Roof Risks: Design
Watch a video of wildfire testing at the IBHS Research Center to see how a house really performs during an ember storm. Then, answer the questions below to find out how vulnerable your home may be.
Does the roof design add to its vulnerability?
- Does the roof have dormers or other features, such as those in a split level home, where vertical walls intersects with the roof, or the roof of one level overhangs the roof of a lower level?
The leaf litter shown in this photography has accumulated on the roof, adjacent to the wood shingle siding. This leaf litter can be easily ignited by wind-blown embers. The resulting flames will likely ignite the wood shingles, making the siding the vulnerable component of this roof.
If any of the above features are present, the roof is more vulnerable if:
Debris such as pine needles accumulate on the roof at the vertical wall-to-roof intersections.
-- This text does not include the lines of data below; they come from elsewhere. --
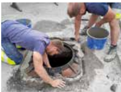
Sanierung der schadhaften Kanalschächte
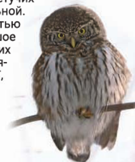
Воробьиный сыч (вид Красной книги СПб)

В настоящее время во дворце Лейхтенбергских и других парковых постройках «Сергиевки» располагаются лаборатории биологического факультета Санкт-Петербургского государственного университета.
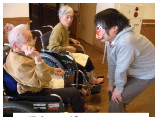
両手に豆を握って、せーの!!
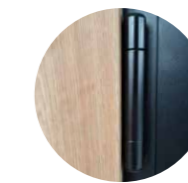
Zoom sur la paumelle SFS Noir ou Blanc
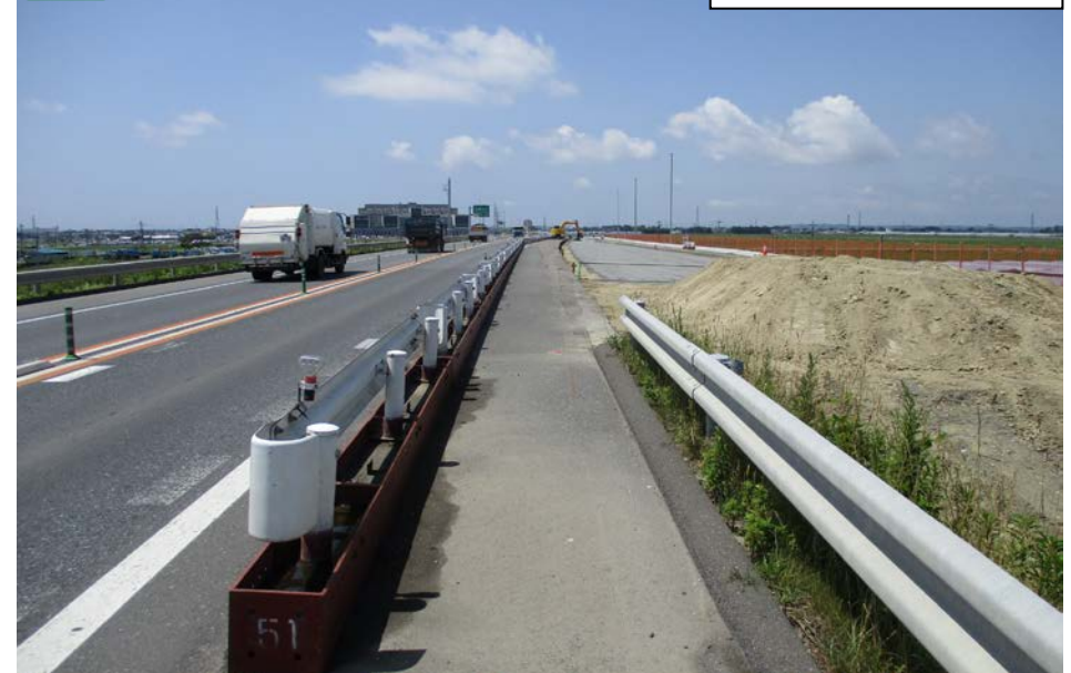
③ 石巻女川IC Cランプ部
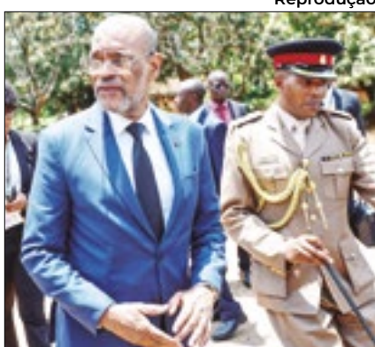
Nova gestão no Haiti

Merchan anunciou a sua decisão a Trump na abertura de uma nova audiência do julgamento, em Nova York. Segundo o juiz, o magnata violou a ordem de não insultar testemunhas, jurados ou membros do tribunal.
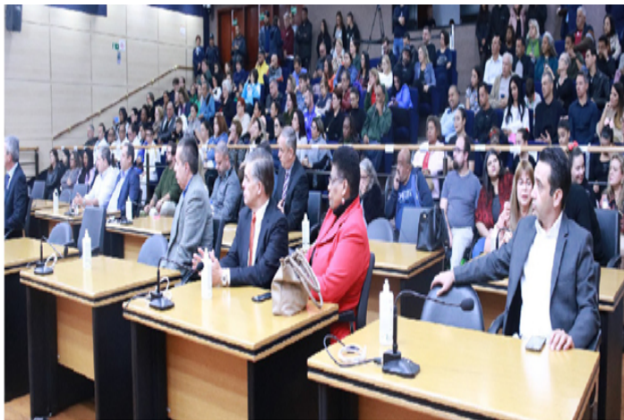
No evento, a Câmara entregou placas a pessoas portadoras de necessidades especiais, profissionais que trabalham em prol da causa e entidades que atendem PcDs
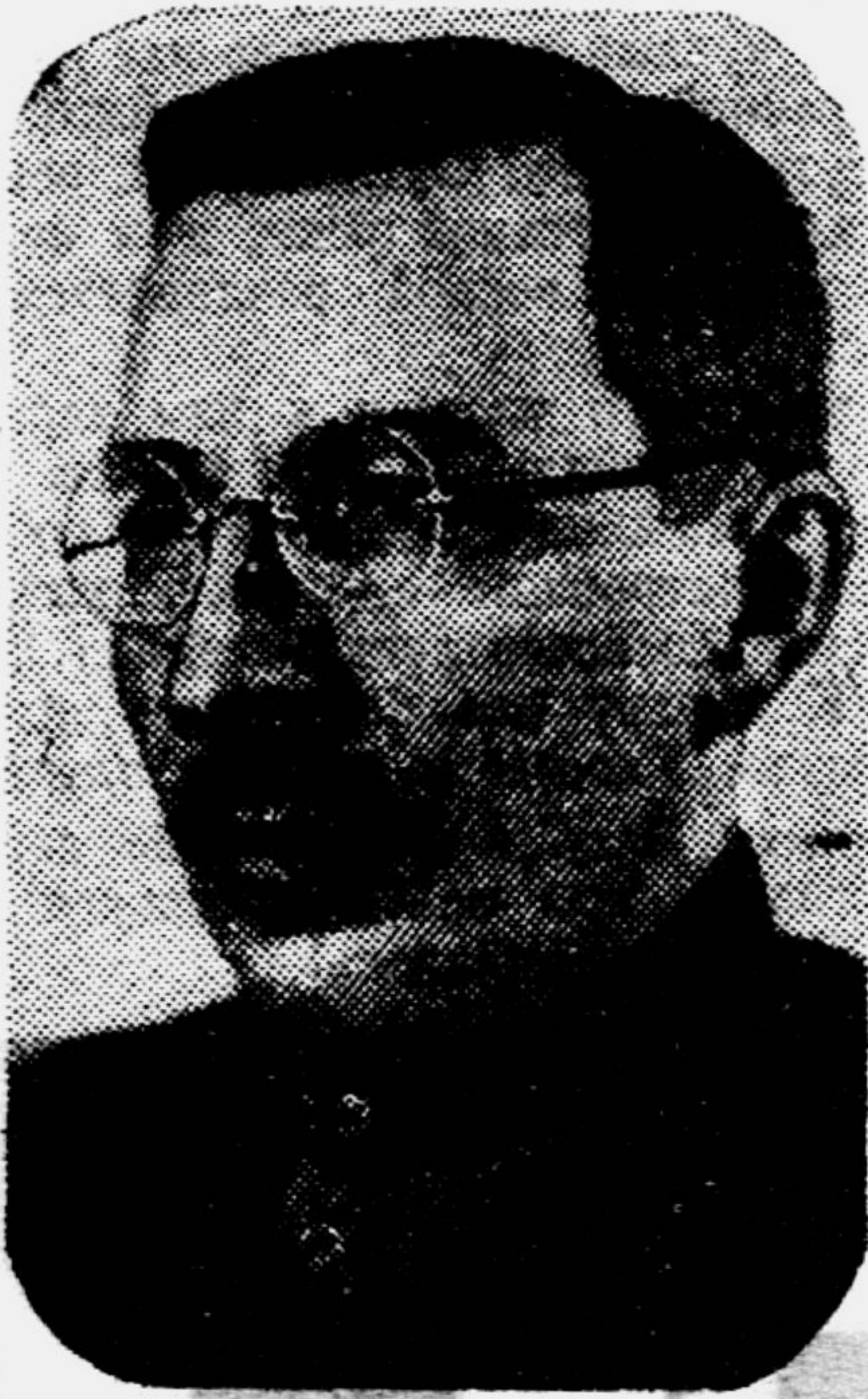
А. С. МАКАРЕНКО.

Антон Семёнович был для меня и для других не только учителем, но и отцом. В последнее время, когда мы, уже взрослые, сблизились со всех концов к нему в Москву, мы так и называли его: отец.
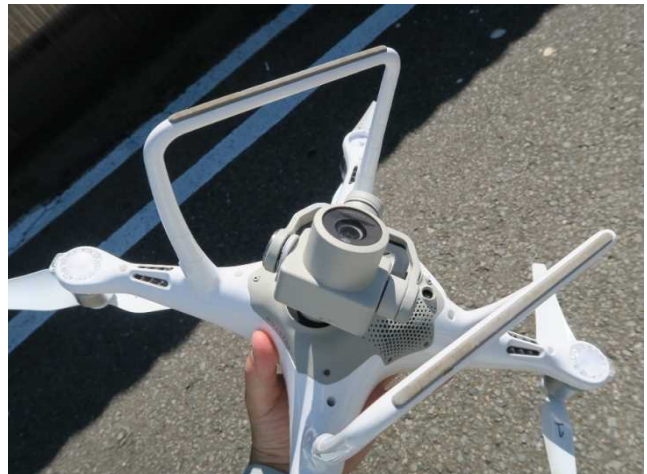
▲所在が不明になったドローン 回収完了 (破損状況: 破損なし)
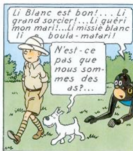
Illustrations 1, 2, 3 : Tintin au Congo paru en 1931 (en noir et blanc) puis en couleurs en 1946.
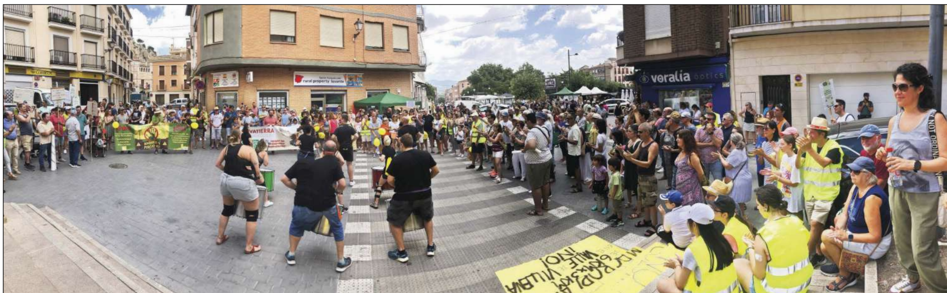
La marcha recorrió el centro de Castalla hasta la plaza Font Vella donde se leyó un manifiesto con la presencia de los alcaldes de Tibi, Castalla y Onil
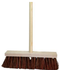
BALAI A MANCHE
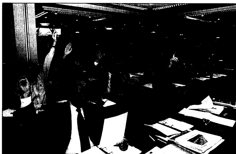
Bei der 9. Vertreterversammlung der Kassenzahnärztlichen Vereinigung Nordrhein wurden am 20. März 2004 in Düsseldorf bei den Abstimmungen über Anträge und Resolutionen viele Hände zustimmend gehoben. Als es um die Vorbereitung der „neuen“ KZV nach den Forderungen des GKV-Modernisierungsgesetzes ging, ballte mancher allerdings die Hand in der Tasche zur Faust.
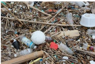
2ヶ月前に清掃した砂浜には既に沢山のゴミが。。

平成30年度 第3回 馬島清掃団(2018年11月18日実施) 参加者: 15名 回収量: 176kg

If the exterior siding is combustible (wood and vinyl are common types of combustible siding).
Gutters are filled with debris.
Openings exist between the roof covering and roof deck at the edge and ridge.
These are areas where fine fuels can accumulate and where embers can either accumulate or enter and lodge underneath the roof covering. If ignited by wind-blown embers, these fine fuels can potentially ignite the siding or fascia and/or roof sheathing, putting the entire structure at risk.
Reducing roof vulnerability
Limit the amount of debris that accumulates at the intersections between vertical walls, roof and in gutters.:
Regularly removing vegetative debris from the roof.
Replace combustible siding with noncombustible (such as a fiber cement product) or ignition-resistant material (such as exterior rated, fire-retardant treated wood).
Add metal flashing at the base of the wall to provide protection to the combustible siding. To avoid moisture-related durability problems with wood-based siding, make sure the metal flashing is tucked behind the siding at a lap joint.
Note that one of the manufacturer supplied “bird stops” is missing and should be replaced. In addition, note that these bird stops do not completely fill the space between the roof covering and roof deck – wind-blown debris and embers will still be able to get under the roof covering.
Gaps can also occur with some standing seam metal roof coverings. These openings should also be filled.